(b)(6).
Investigation summary: our quality engineer was unable to verify the reported complaint.
Photos or samples are not available for analysis and because no objective evidence of this issue was found during the analysis of the device history record and quality notifications for the claimed lot, it was not possible to verify this complaint as being generated by manufacturing process.
A complaint history check was performed and this is the 1st related complaint reported with the defect/condition of mixed product / lots with lot #8207685 regarding item #(b)(4).
A review of the device history record was completed for catalog #408381 lot 8207685 packed from 18-aug-18 to 24-aug-18 on the anesthesia line.
The incorrect product was analyzed inside the unit packages and no records were found that could lead to the incident in question.
Qn/ ncmr review: there are no quality notification (qn) or non-conformity report records of this issue, for the lot involved in this complaint.
Investigation conclusion: unconfirmed: bd was not able to duplicate or confirm the customer's indicated failure mode for mixed product as no samples or photos were provided.

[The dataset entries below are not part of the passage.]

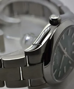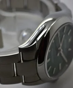 Tags: 10m atm, 10mm, 124200, 31mm case diameter, automatic movement, fold clasp, green dial, mens watches, no numerals, sapphire crystal, steel bracelet color, steel bracelet material, steel case material, steel clasp material, unisex watches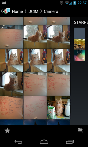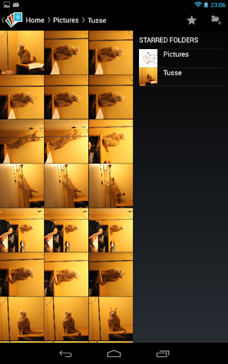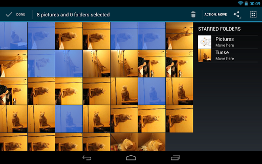 It's made to be as fast as possible in moving pictures between several folders. To the right you have your favorited folders. You add them by going into a folder and press the star button. When long pressing a picture you start the select mode. Then it's just pressing several pictures and click on a folder at the right to move or copy them there. There are also actions for sharing the selected images and removing them.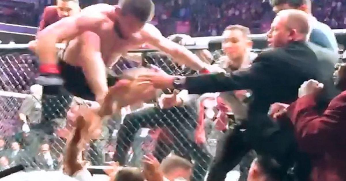 Сразу после победы над Конором Хабиб вылез из октагона и побежал к спарринг-партнеру ирландца Дилону Дэнису. Члены его команды тем временем напали на самого МакГрегора.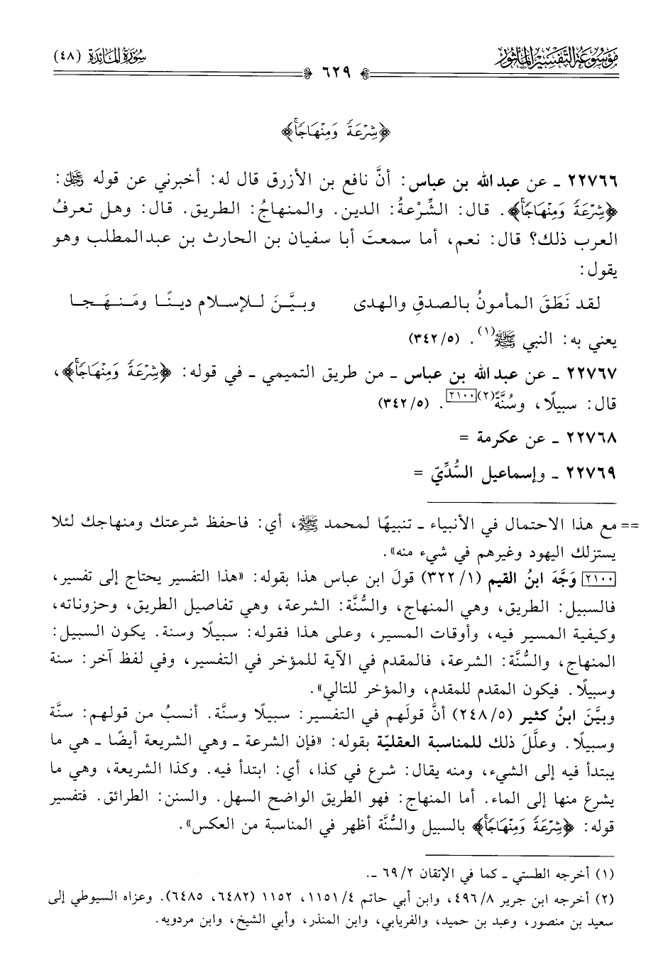 ٢٢٧٦٧ - عن عبد الله بن عباس -من طريق التميمي- في قوله: {شرعة ومنهاجا}، قال: سبيلًا، وسُنَّةً (¬٢) [٢١٠٠]. (٥/ ٣٤٢)

Root cause description: based on the investigation results to date, the root cause was not determinate for this complaint since the defect was not confirmed.
Rationale: complaints received for this device and the reported defect will continue to be tracked and trended.
The information will be captured in the trend reports and monitored monthly.
Collected data are regularly reviewed to identify emerging trends.
Based on this, a capa is not needed at this time.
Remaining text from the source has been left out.